[Task material — start]

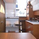 Unter Deck bietet die Cap Camarat 10.5 WA im Eingangsbereich eine Pantry mit viel Stauraum, zwei Gaskochfeldern und Spüle. Die Nasszelle mit Fenster fasst neben Toilette und Waschbecken eine separate Duschkabine. Vorne im Bug lässt sich die große Sitzecke mit Tisch in eine Doppelkoje verwandeln. Eine weitere breite Doppelkoje befindet sich mittschiffs.
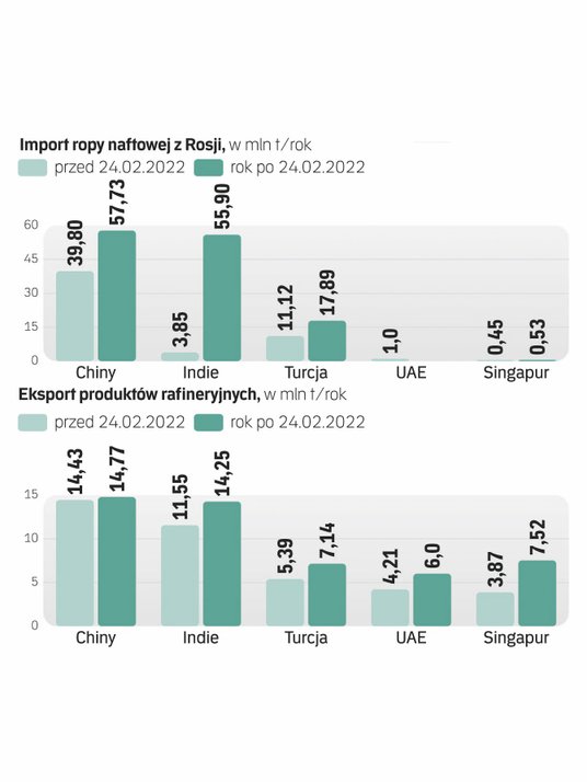 Dalej w grudniu 2022 ustanowiono pułap cenowy (price cap) na ropę z Rosji w wysokości 60 dol. na baryłkę (limit na produkty miał być określony później).
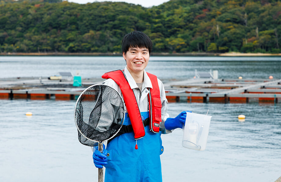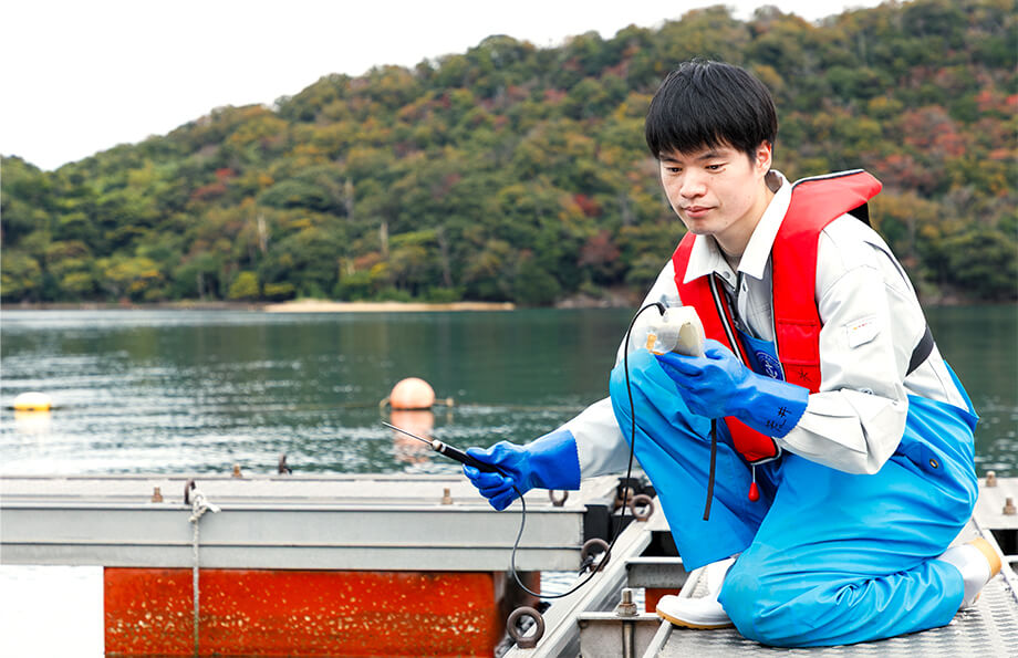 水産業の振興施策の企画立案、漁業等の許認可、資源管理の推進のほか、水産試験場等での水産資源・海洋環境の調査研究、種苗生産技術の研究開発などに従事します。
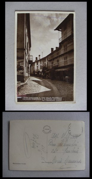 Cartolina / postcard Vico Canavese (Torino) Valle Chiusella - Palazzo Comunale e Albergo Universo all'ingresso del paese. 1936
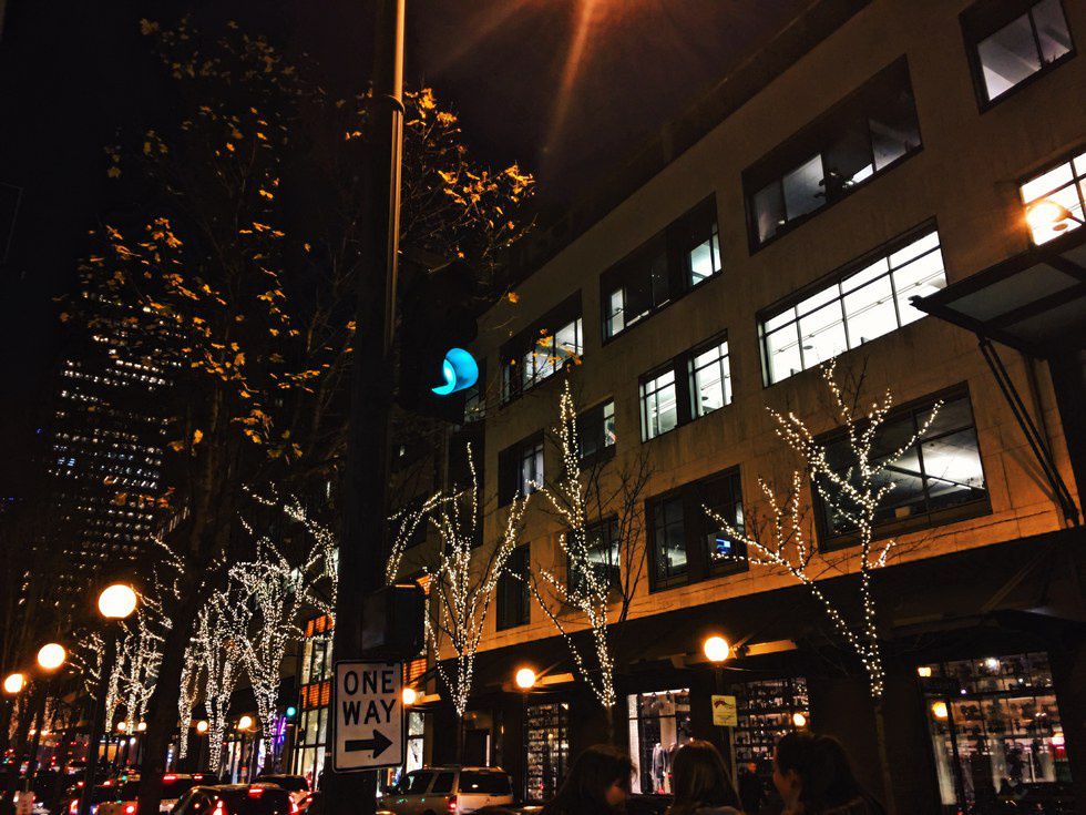 As you continue walking the streets, you take in the little things about this city at night. The huge star outside of the Macy's on 300 Pine Street or the huge line of people waiting to get their picture with Santa at Nordstrom on 500 Pine.
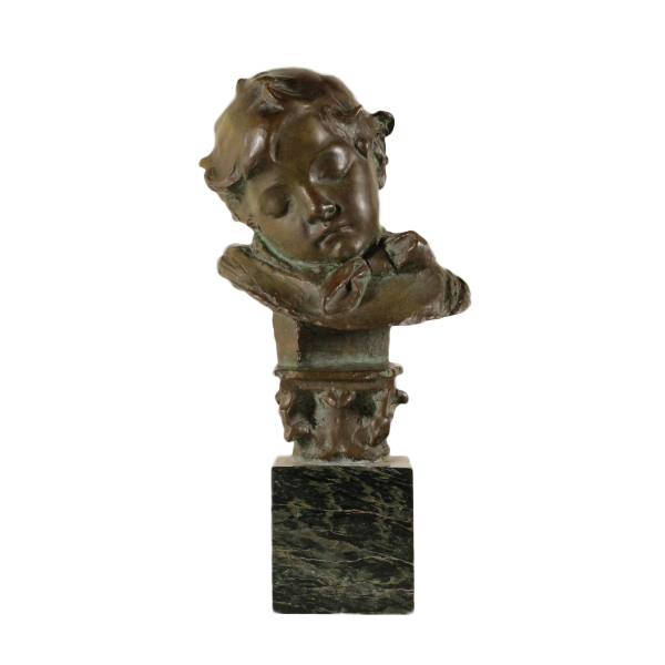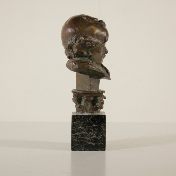 Büste eines knaben in bronze auf der basis in marmor. Autor anonym.
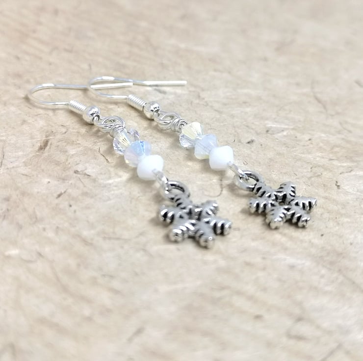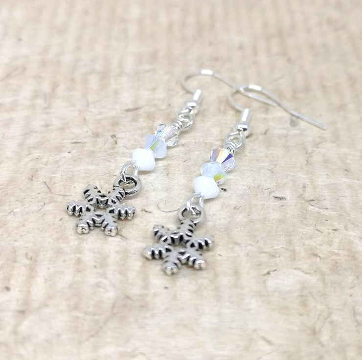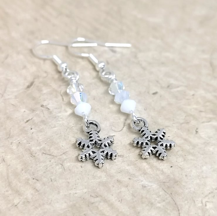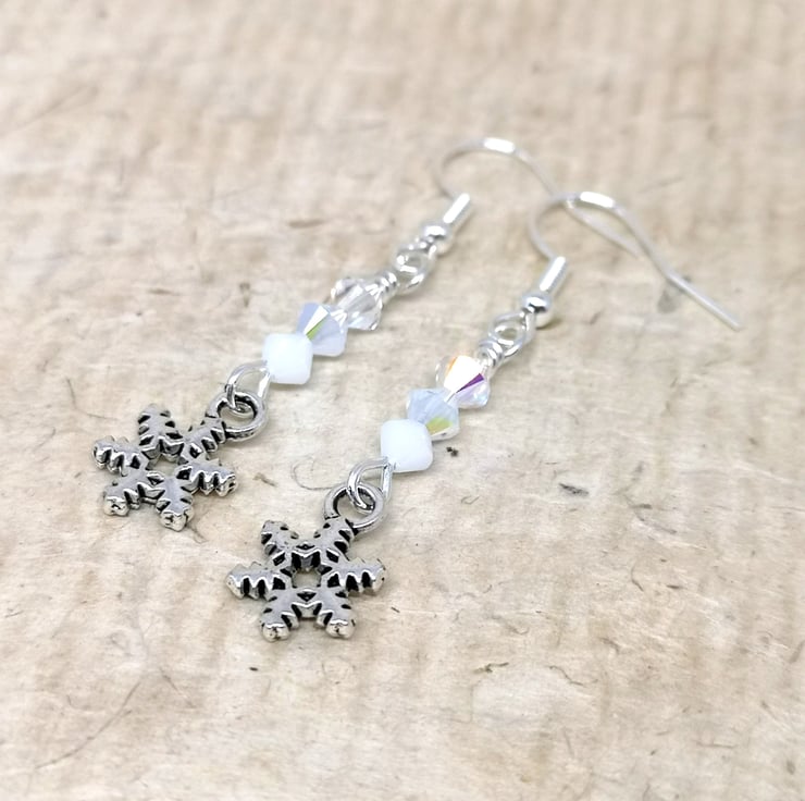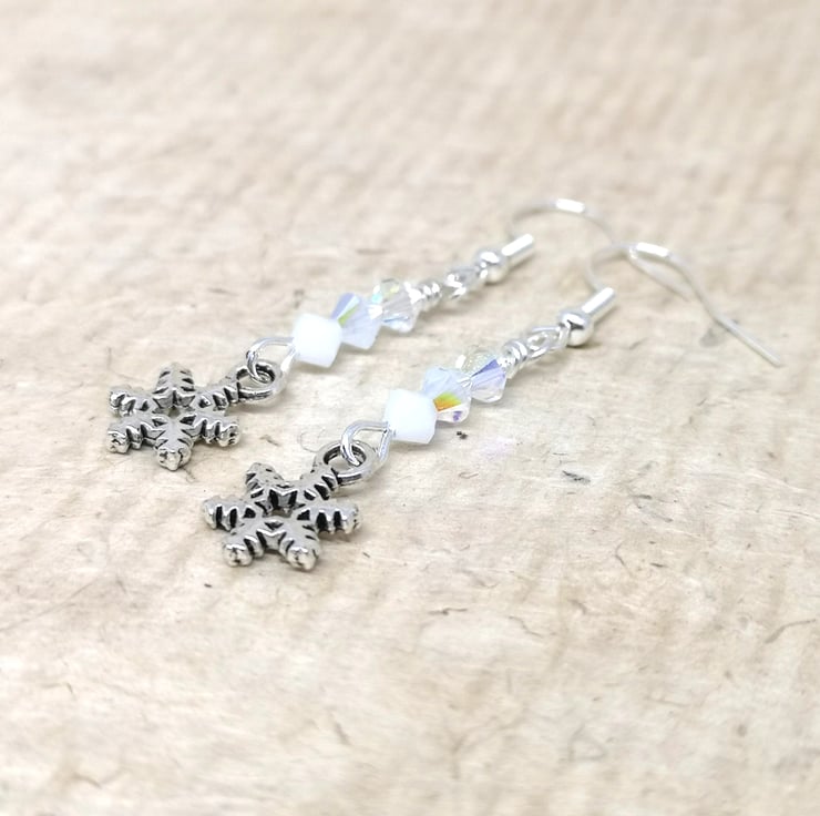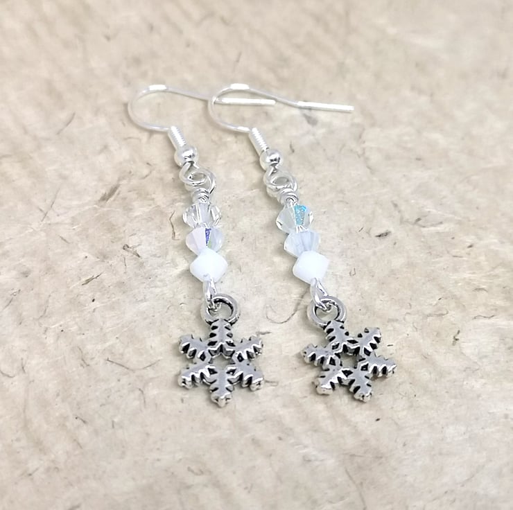 These festive earrings feature a trio of super sparkly Swarovski crystals. Beneath them sits a sweet little snowflake charm. They've been attached to silver plated ear wires.
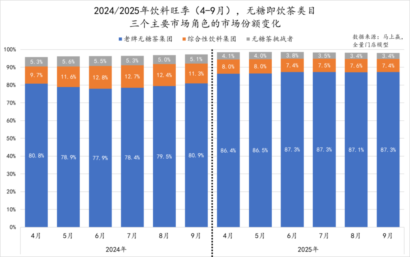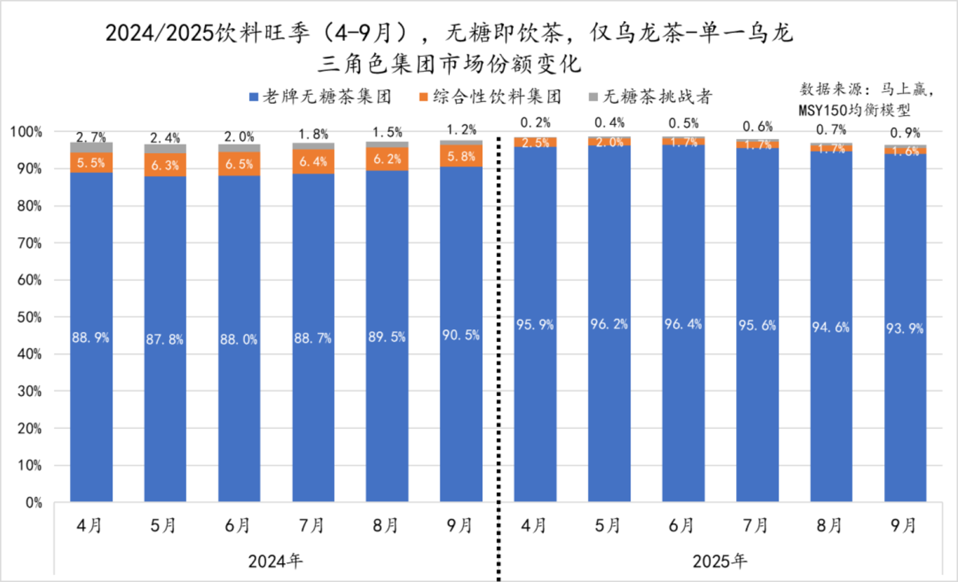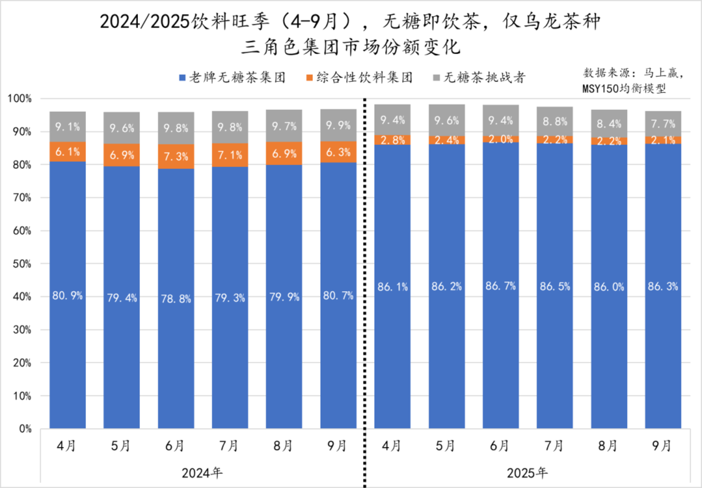 沿用上文三角色市场集团划分的方式对乌龙茶种的市场格局进行观察,可以看到,整体的茶种市场份额结构上与无糖茶类目整体的情况一致,依然是农夫山泉+三得利构成的老牌无糖茶集团占比超过 85%,且在 2025 年旺季,其市场份额相当的稳定。
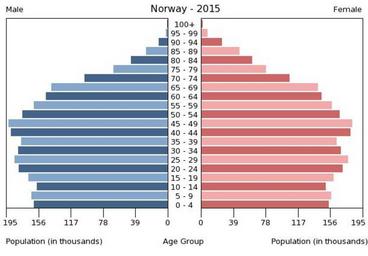 Keywords: Population pyramid of Norway 2015.png en A population pyramid illustrates the age and sex structure of population and may provide insights about political and social stability as well as economic development The population is distributed along the horizontal axis with males shown on the left and females on the right The male and female populations are broken down into 5-year age groups represented as horizontal bars along the vertical axis with the youngest age groups at the bottom and the oldest at the top The shape of the population pyramid gradually evolves over time based on fertility mortality and international migration trends Віково-статева пі аміда населення о вегії за 2015 ік Вона дає наочне уявлення п о вікову і статеву ст укту а населення к аїни може слугувати дже елом інфо мації п о політичну і соціальну стабільність економічний озвиток Блакитними кольо ами ліво уч у вигляді го изонтальних смуг показані вікові г упи по 5 оків кожна чоловічої статі п аво уч ожевими жіночої аймолодші вікові г упи внизу найста іші вго і Фо ма пі аміди поступово еволюціонує з плином часу під впливом чинників на оджуваності сме тності і світової міг ації https //www cia gov/library/publications/the-world-factbook/ The World Factbook 2016-09-21 The Central Intelligence Agency Цент альне озвідувальне уп авління PD-USGov Population pyramids of Norway |
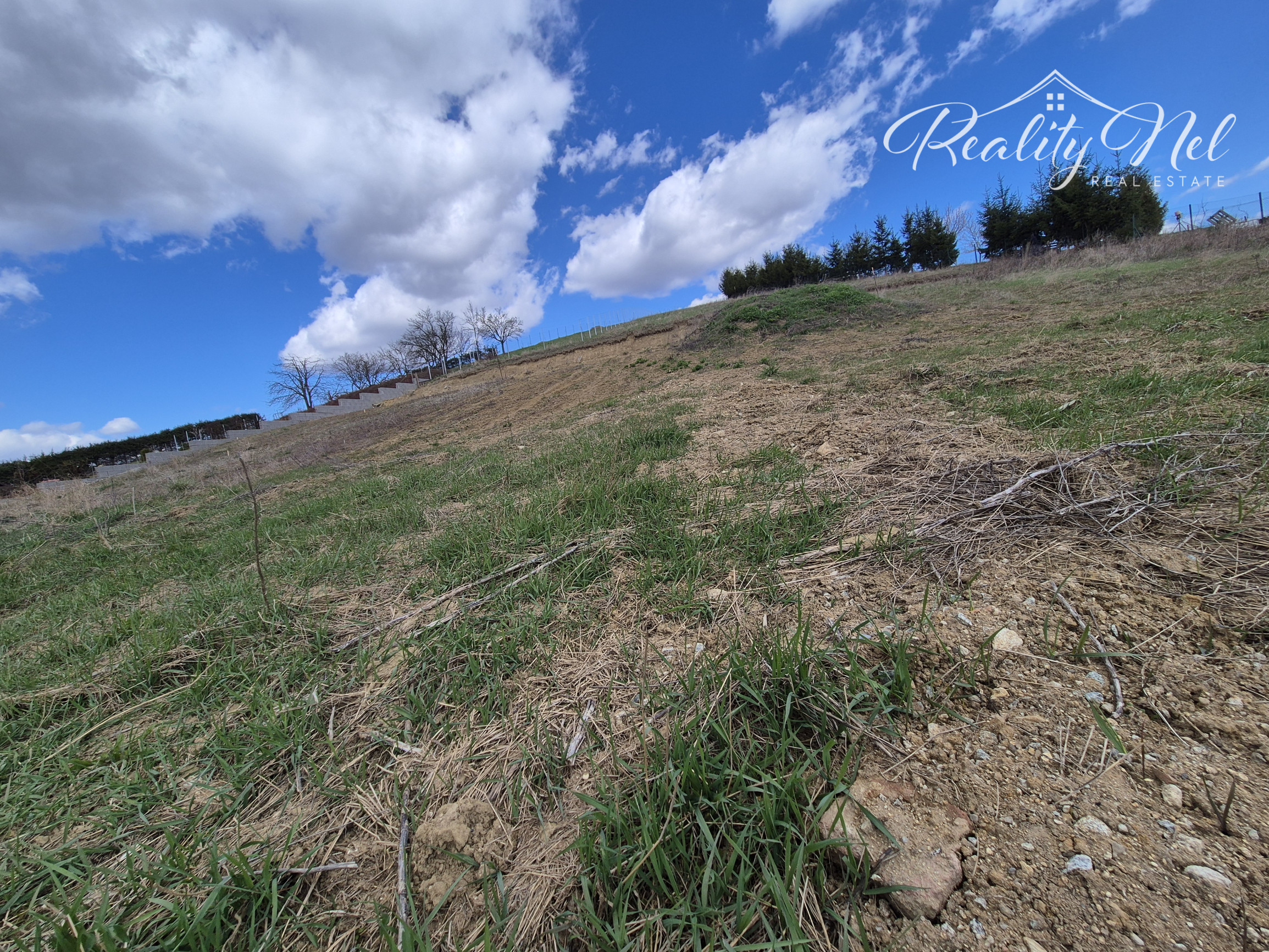 Pozemok je svahovitý s krásnymi výhľadmi na okolitú prírodu.
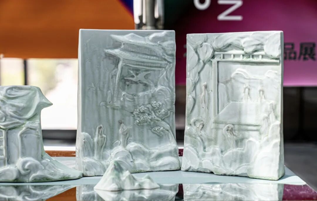 作品阐述:世间万物皆有其声,陶瓷作为一种古老而富有文化底蕴的材料,其“声如磬”的特点如同穿越千年的悠扬旋律在岁月长河中回荡。本作品以中国传统乐器“磬”为原型,融合暗八仙纹样进行再设计,使其成为一系列可敲击发声的互动性作品,在探索陶瓷乐器发声原理之余,更旨在构建人与陶瓷作品间独特的互动体验。“击磬”谐音“吉庆”,愿观者在叩响瓷磬之际,感受这份穿越时空的美好祝福。

[Task material — finish]

[Problem statement]
Without including the pictures, return each record above exactly as it stands.

[Solution to this task]
 Unter Deck bietet die Cap Camarat 10.5 WA im Eingangsbereich eine Pantry mit viel Stauraum, zwei Gaskochfeldern und Spüle. Die Nasszelle mit Fenster fasst neben Toilette und Waschbecken eine separate Duschkabine. Vorne im Bug lässt sich die große Sitzecke mit Tisch in eine Doppelkoje verwandeln. Eine weitere breite Doppelkoje befindet sich mittschiffs.
 Dalej w grudniu 2022 ustanowiono pułap cenowy (price cap) na ropę z Rosji w wysokości 60 dol. na baryłkę (limit na produkty miał być określony później).
 水産業の振興施策の企画立案、漁業等の許認可、資源管理の推進のほか、水産試験場等での水産資源・海洋環境の調査研究、種苗生産技術の研究開発などに従事します。
 Cartolina / postcard Vico Canavese (Torino) Valle Chiusella - Palazzo Comunale e Albergo Universo all'ingresso del paese. 1936
 As you continue walking the streets, you take in the little things about this city at night. The huge star outside of the Macy's on 300 Pine Street or the huge line of people waiting to get their picture with Santa at Nordstrom on 500 Pine.
 Büste eines knaben in bronze auf der basis in marmor. Autor anonym.
 These festive earrings feature a trio of super sparkly Swarovski crystals. Beneath them sits a sweet little snowflake charm. They've been attached to silver plated ear wires.
 沿用上文三角色市场集团划分的方式对乌龙茶种的市场格局进行观察,可以看到,整体的茶种市场份额结构上与无糖茶类目整体的情况一致,依然是农夫山泉+三得利构成的老牌无糖茶集团占比超过 85%,且在 2025 年旺季,其市场份额相当的稳定。
 Keywords: Population pyramid of Norway 2015.png en A population pyramid illustrates the age and sex structure of population and may provide insights about political and social stability as well as economic development The population is distributed along the horizontal axis with males shown on the left and females on the right The male and female populations are broken down into 5-year age groups represented as horizontal bars along the vertical axis with the youngest age groups at the bottom and the oldest at the top The shape of the population pyramid gradually evolves over time based on fertility mortality and international migration trends Віково-статева пі аміда населення о вегії за 2015 ік Вона дає наочне уявлення п о вікову і статеву ст укту а населення к аїни може слугувати дже елом інфо мації п о політичну і соціальну стабільність економічний озвиток Блакитними кольо ами ліво уч у вигляді го изонтальних смуг показані вікові г упи по 5 оків кожна чоловічої статі п аво уч ожевими жіночої аймолодші вікові г упи внизу найста іші вго і Фо ма пі аміди поступово еволюціонує з плином часу під впливом чинників на оджуваності сме тності і світової міг ації https //www cia gov/library/publications/the-world-factbook/ The World Factbook 2016-09-21 The Central Intelligence Agency Цент альне озвідувальне уп авління PD-USGov Population pyramids of Norway |
 Pozemok je svahovitý s krásnymi výhľadmi na okolitú prírodu.
 作品阐述:世间万物皆有其声,陶瓷作为一种古老而富有文化底蕴的材料,其“声如磬”的特点如同穿越千年的悠扬旋律在岁月长河中回荡。本作品以中国传统乐器“磬”为原型,融合暗八仙纹样进行再设计,使其成为一系列可敲击发声的互动性作品,在探索陶瓷乐器发声原理之余,更旨在构建人与陶瓷作品间独特的互动体验。“击磬”谐音“吉庆”,愿观者在叩响瓷磬之际,感受这份穿越时空的美好祝福。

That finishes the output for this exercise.